━━━ Available records ━━━

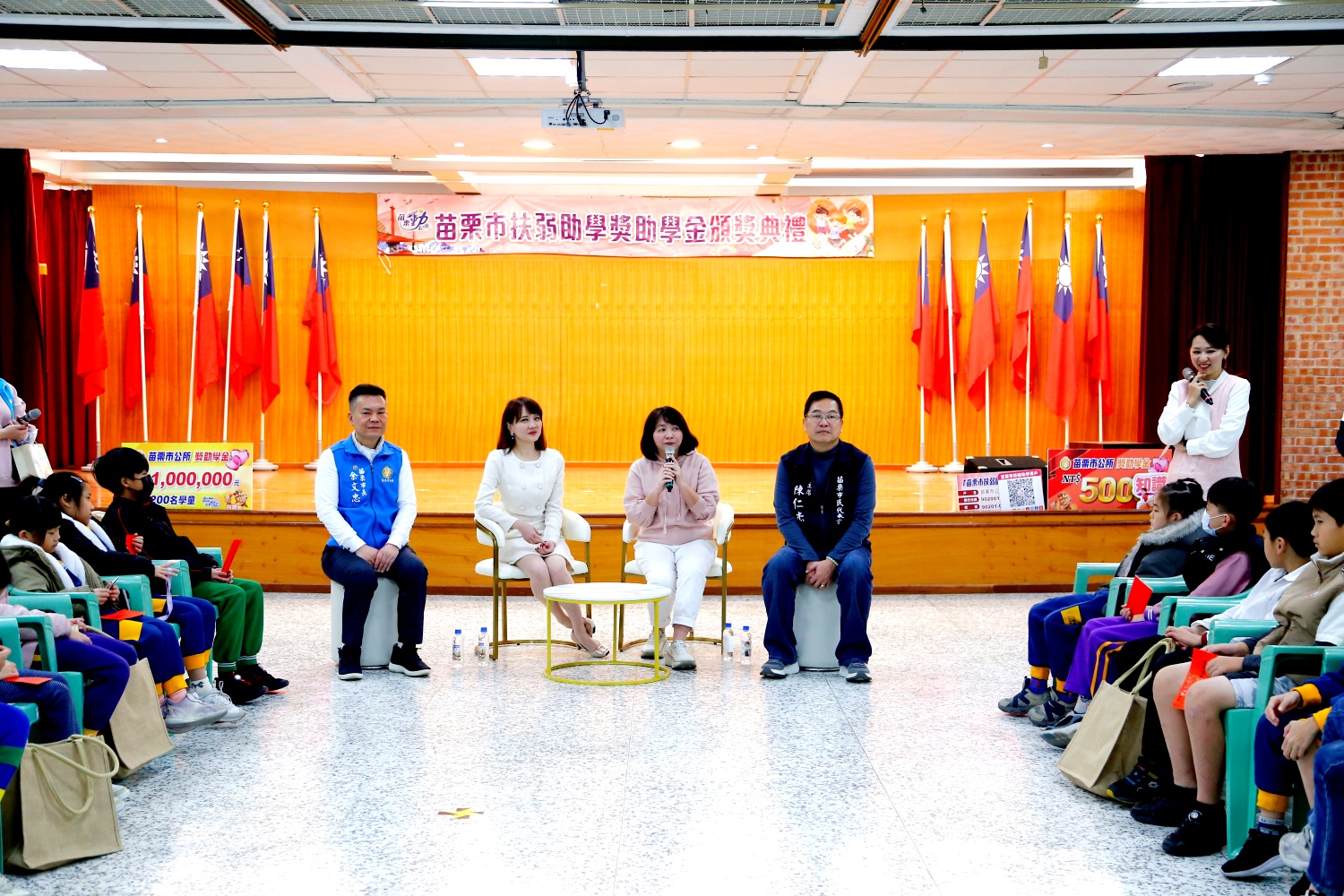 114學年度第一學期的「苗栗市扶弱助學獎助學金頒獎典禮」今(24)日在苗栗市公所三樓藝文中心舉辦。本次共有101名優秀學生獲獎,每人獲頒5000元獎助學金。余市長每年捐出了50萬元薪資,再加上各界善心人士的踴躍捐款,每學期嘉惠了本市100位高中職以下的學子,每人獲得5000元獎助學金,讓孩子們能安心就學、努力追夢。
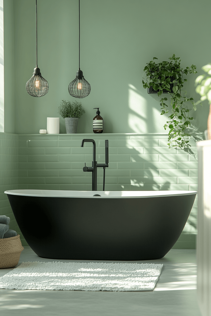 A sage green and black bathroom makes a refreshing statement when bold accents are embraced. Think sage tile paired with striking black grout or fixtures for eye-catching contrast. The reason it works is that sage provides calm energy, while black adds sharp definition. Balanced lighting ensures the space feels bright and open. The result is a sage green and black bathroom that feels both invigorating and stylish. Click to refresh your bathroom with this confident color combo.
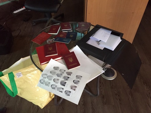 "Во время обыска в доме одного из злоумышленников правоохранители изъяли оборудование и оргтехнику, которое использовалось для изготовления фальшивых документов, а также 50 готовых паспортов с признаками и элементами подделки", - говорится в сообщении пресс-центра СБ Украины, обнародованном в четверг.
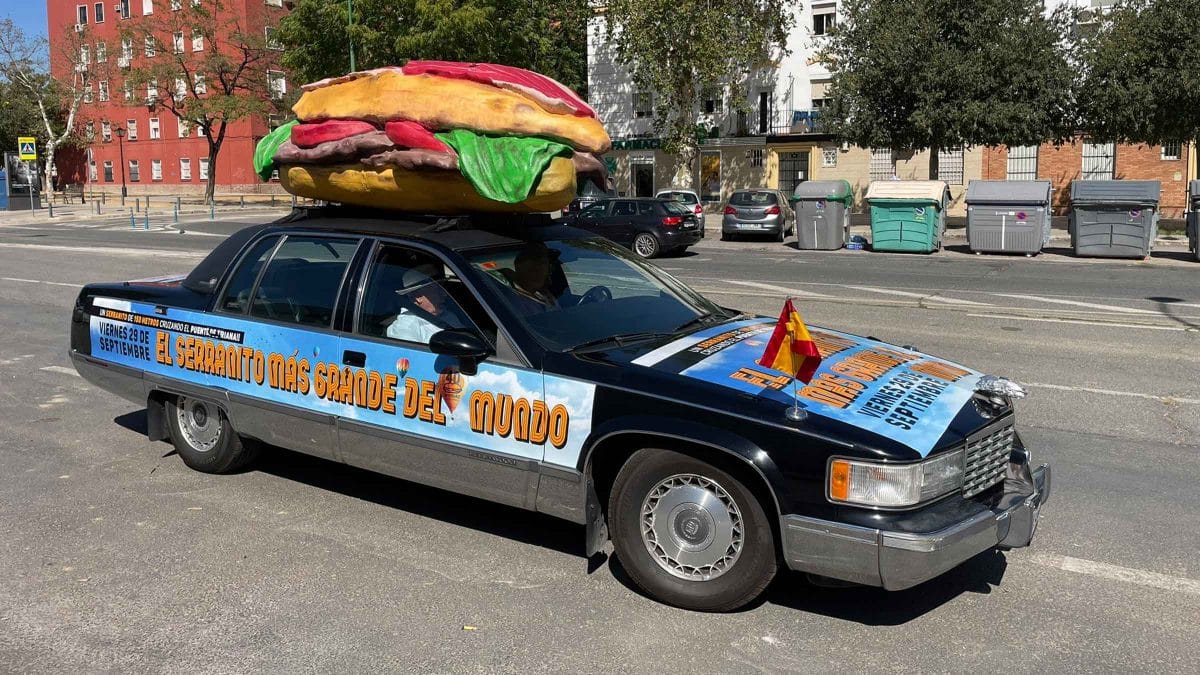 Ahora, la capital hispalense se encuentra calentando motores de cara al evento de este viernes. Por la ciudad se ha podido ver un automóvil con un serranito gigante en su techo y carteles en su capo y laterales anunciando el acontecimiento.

━━━
━━━ Available records ━━━

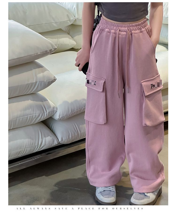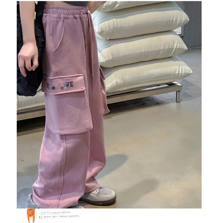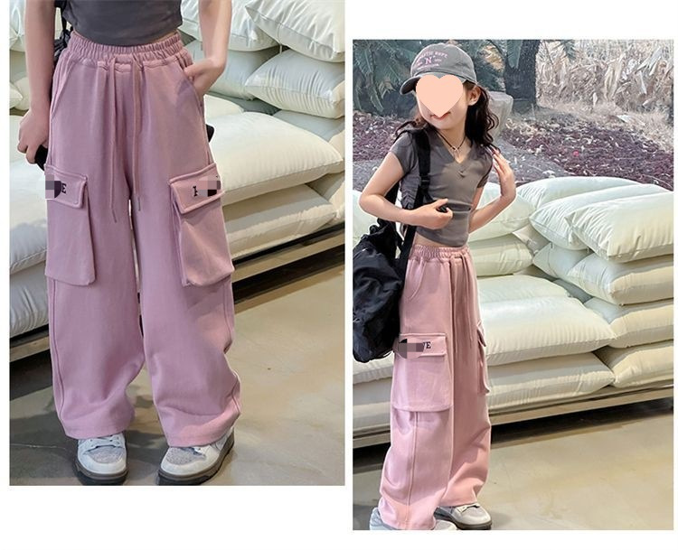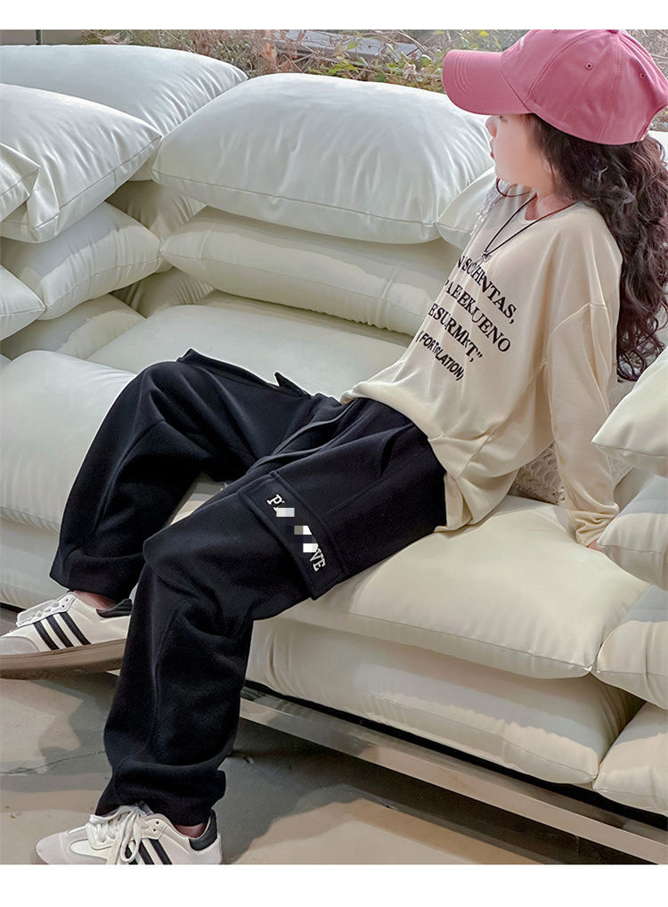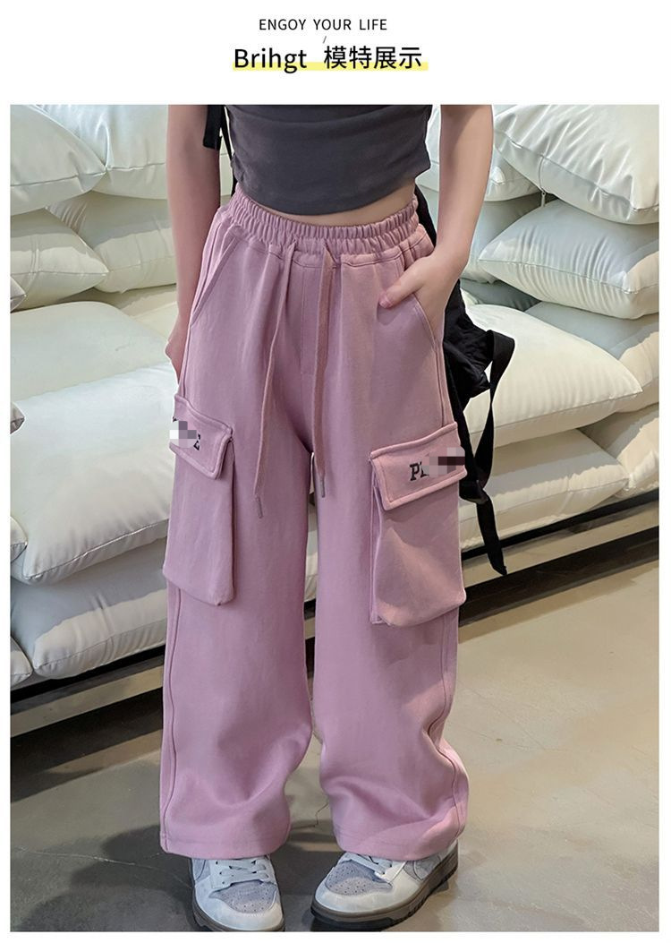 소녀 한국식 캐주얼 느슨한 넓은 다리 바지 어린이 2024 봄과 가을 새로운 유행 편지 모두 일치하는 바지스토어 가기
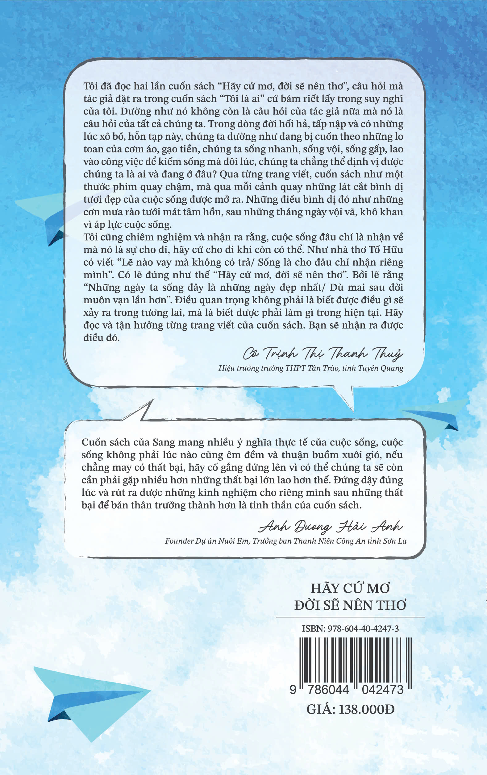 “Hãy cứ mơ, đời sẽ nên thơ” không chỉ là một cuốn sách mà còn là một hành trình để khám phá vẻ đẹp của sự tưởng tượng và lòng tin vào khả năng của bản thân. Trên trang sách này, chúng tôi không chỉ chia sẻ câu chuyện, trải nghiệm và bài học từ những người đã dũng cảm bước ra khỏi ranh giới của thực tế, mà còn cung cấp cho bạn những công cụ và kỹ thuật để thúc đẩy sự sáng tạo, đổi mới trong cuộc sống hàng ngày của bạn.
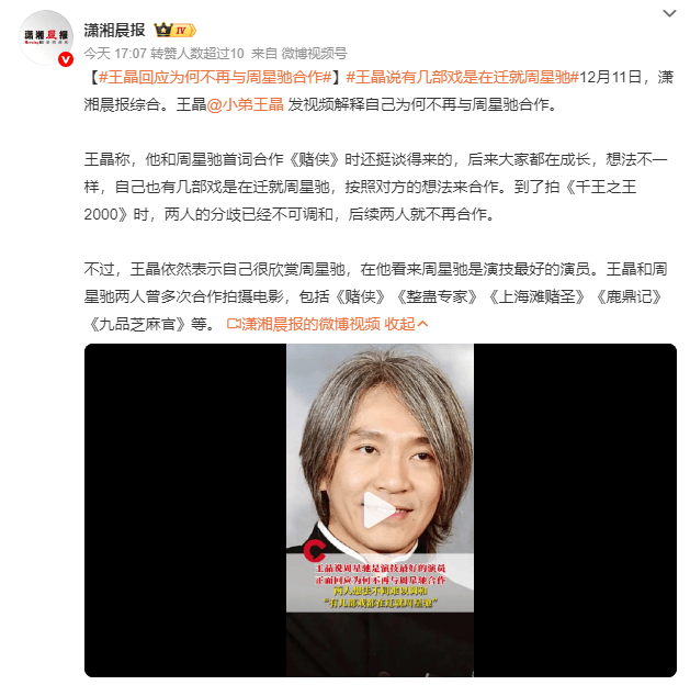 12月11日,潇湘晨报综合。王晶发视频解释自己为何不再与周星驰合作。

━━━
━━━ Available records ━━━

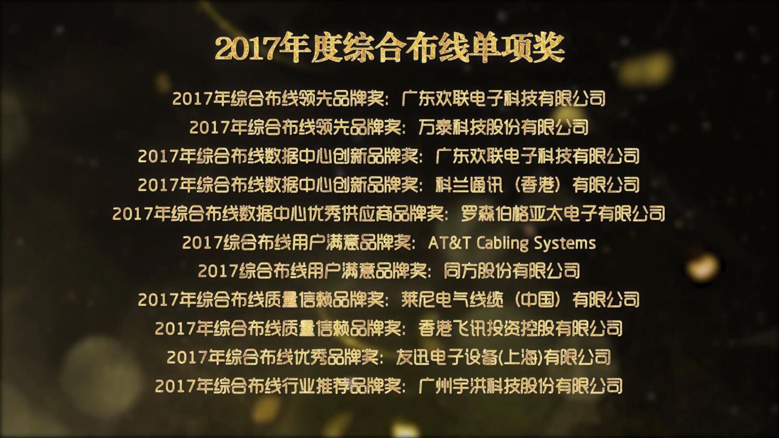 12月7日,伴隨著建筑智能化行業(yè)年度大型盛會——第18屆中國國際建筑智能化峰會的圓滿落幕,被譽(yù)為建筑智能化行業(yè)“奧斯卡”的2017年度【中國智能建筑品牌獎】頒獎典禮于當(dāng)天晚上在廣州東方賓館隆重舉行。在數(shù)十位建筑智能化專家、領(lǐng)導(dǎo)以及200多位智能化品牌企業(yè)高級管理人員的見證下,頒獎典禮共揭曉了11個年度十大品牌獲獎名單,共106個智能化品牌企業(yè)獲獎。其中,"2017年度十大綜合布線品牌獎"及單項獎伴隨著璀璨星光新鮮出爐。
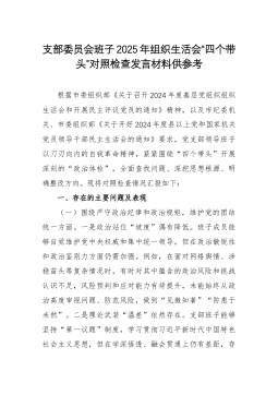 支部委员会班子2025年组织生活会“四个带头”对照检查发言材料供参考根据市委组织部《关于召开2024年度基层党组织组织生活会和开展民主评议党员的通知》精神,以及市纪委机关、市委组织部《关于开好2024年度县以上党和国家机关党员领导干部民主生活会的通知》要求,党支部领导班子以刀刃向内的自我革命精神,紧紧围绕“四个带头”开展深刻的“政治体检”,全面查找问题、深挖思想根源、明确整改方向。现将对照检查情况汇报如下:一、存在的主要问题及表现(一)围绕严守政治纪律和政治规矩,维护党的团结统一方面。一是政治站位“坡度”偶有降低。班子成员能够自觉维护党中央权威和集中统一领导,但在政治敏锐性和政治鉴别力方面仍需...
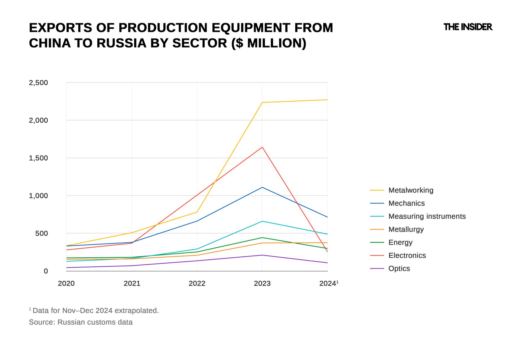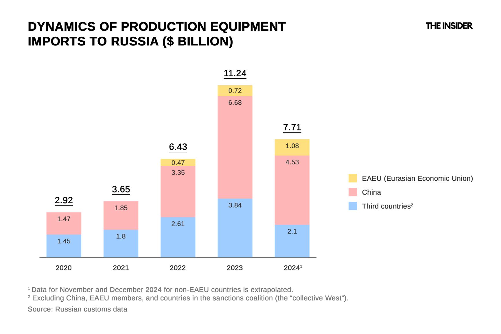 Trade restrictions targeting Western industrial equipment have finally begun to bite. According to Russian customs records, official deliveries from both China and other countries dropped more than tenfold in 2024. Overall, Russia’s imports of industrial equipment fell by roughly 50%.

━━━

*What to do*
Within the listing above, the lines starting at the one containing "소녀 한국식 캐주얼 느슨한" and ending at the one containing "12月11日,潇湘晨报综合。王晶发视频解释自己为何不再与周星驰合作。" are to be returned exactly. Omit the pictures.

*Response*
 소녀 한국식 캐주얼 느슨한 넓은 다리 바지 어린이 2024 봄과 가을 새로운 유행 편지 모두 일치하는 바지스토어 가기
 “Hãy cứ mơ, đời sẽ nên thơ” không chỉ là một cuốn sách mà còn là một hành trình để khám phá vẻ đẹp của sự tưởng tượng và lòng tin vào khả năng của bản thân. Trên trang sách này, chúng tôi không chỉ chia sẻ câu chuyện, trải nghiệm và bài học từ những người đã dũng cảm bước ra khỏi ranh giới của thực tế, mà còn cung cấp cho bạn những công cụ và kỹ thuật để thúc đẩy sự sáng tạo, đổi mới trong cuộc sống hàng ngày của bạn.
 12月11日,潇湘晨报综合。王晶发视频解释自己为何不再与周星驰合作。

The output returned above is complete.